We walked back to Emu Street, dragging the go-cart, and when we got home Robby was in the kitchen. He looked at our red and sweating faces as if he wasn’t sure, and then I said, ‘Dad and me made a go-cart. A go-cart, Robby!’

‘That we did,’ said Dad, taking a beer from the fridge. ‘Go and show him, Jim. Take him for a ride.’

Robby looked at Dad like he didn’t believe it, then he went outside and saw it for himself. ‘Let’s go,’ he said.

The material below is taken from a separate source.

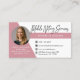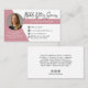 Modern, trendy Notary photo business card features single photo, contact details on a rose gold and white background. Personalise further with your services and social media on the back.

Robby and me went further than Cobham, all the way up Maidstone, then we both got on the seat, him in front, me
behind, and we went so fast that when we got to the bottom a wheel fell off.

‘Oh no,’ I said. ‘Oh no.’

‘Don’t worry,’ said Robby. ‘It was my fault.’

‘Oh no,’ I said.

When we got home Dad was sitting on the back step reading the newspaper.

I held out the wheel. ‘Sorry, Dad,’ I said. ‘Sorry.’

Robby looked at the grass, kicking at a stone.

Dad took the wheel and rolled it across the yard. ‘Boys, if the wheels don’t fall off your go-cart by the end of the day you haven’t ridden her properly,’ he said. Everything expanded, as if Dad’s words had a power to release.

‘And we rode her properly, Dad, we really did!’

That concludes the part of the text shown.